■ **PROMPT**
Some entries follow. Reproduce exactly the lines starting at the one with "- Materiales de" and stopping after the one with "This Christmas wrapping".

■ **DATA RECORDS**
((

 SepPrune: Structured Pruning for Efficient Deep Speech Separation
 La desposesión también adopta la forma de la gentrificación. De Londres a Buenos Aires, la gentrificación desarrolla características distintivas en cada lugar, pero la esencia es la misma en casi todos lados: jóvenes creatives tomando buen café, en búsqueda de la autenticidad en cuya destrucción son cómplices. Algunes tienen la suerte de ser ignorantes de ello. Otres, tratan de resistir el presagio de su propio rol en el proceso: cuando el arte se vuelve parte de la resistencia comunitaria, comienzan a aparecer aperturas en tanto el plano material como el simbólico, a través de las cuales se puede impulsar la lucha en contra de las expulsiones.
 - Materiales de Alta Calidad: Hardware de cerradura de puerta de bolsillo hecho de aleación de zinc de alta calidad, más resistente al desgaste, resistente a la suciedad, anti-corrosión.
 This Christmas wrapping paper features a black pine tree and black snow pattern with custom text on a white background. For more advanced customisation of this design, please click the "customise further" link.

))
((

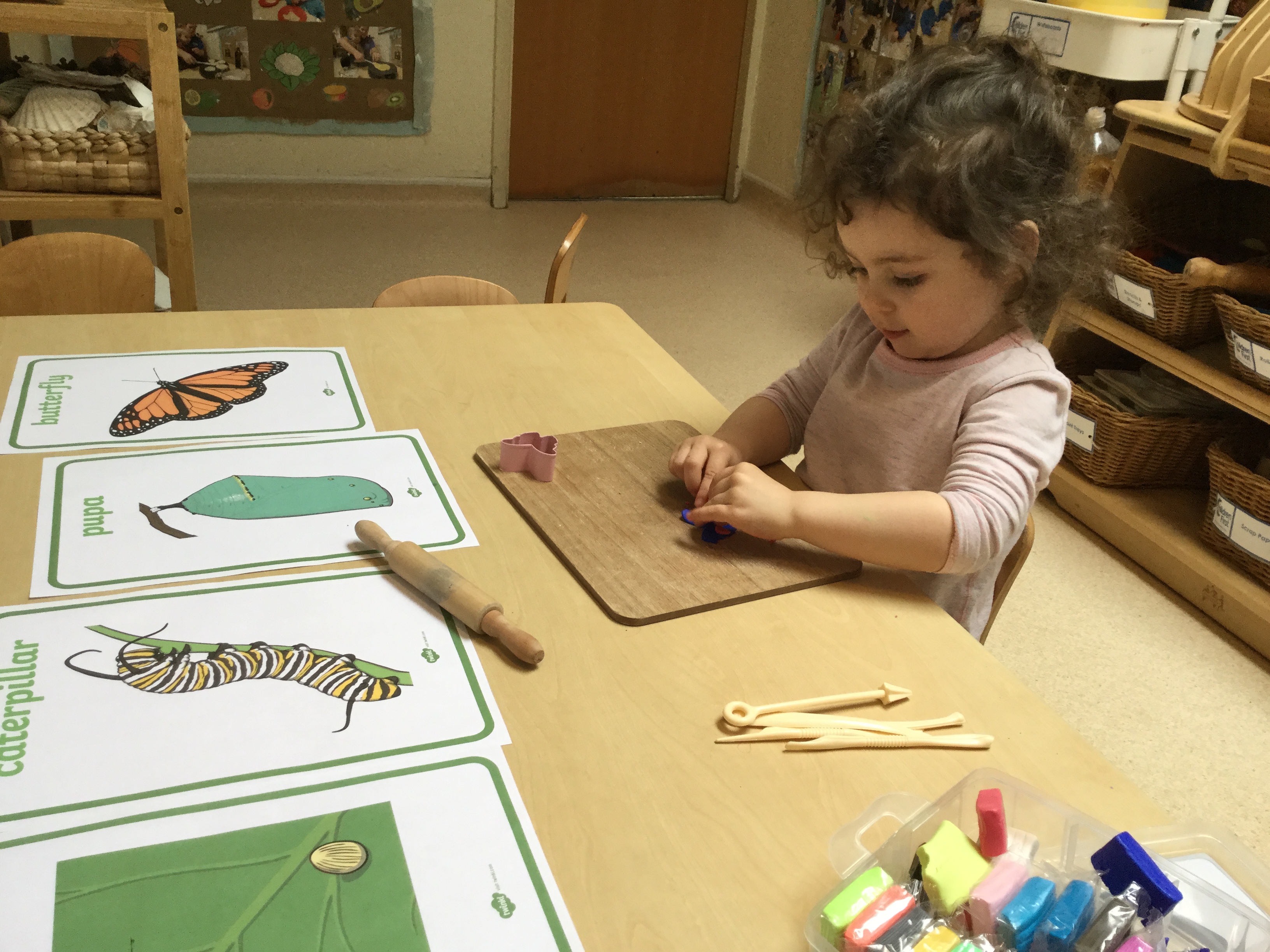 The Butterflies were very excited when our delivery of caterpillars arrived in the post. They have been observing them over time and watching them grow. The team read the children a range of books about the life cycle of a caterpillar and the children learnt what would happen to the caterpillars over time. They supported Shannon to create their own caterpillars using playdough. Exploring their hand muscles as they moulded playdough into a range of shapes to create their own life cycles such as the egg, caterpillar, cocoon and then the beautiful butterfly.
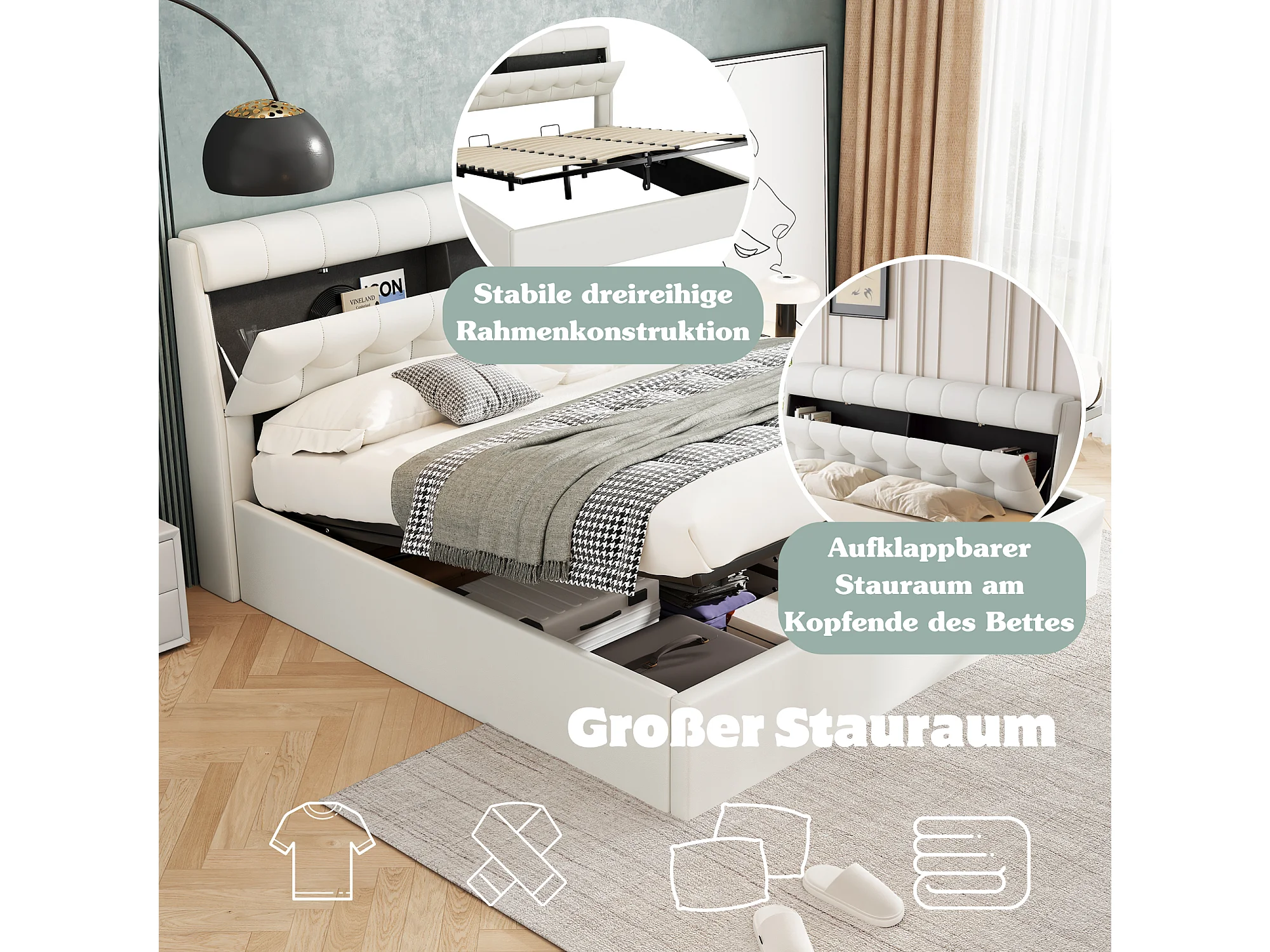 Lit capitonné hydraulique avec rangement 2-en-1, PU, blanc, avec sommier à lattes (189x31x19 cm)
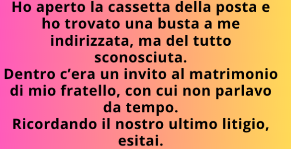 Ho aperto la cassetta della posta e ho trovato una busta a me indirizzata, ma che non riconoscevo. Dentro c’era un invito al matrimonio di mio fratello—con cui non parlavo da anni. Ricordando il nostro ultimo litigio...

))

■ **TASK RESPONSE**
 - Materiales de Alta Calidad: Hardware de cerradura de puerta de bolsillo hecho de aleación de zinc de alta calidad, más resistente al desgaste, resistente a la suciedad, anti-corrosión.
 This Christmas wrapping paper features a black pine tree and black snow pattern with custom text on a white background. For more advanced customisation of this design, please click the "customise further" link.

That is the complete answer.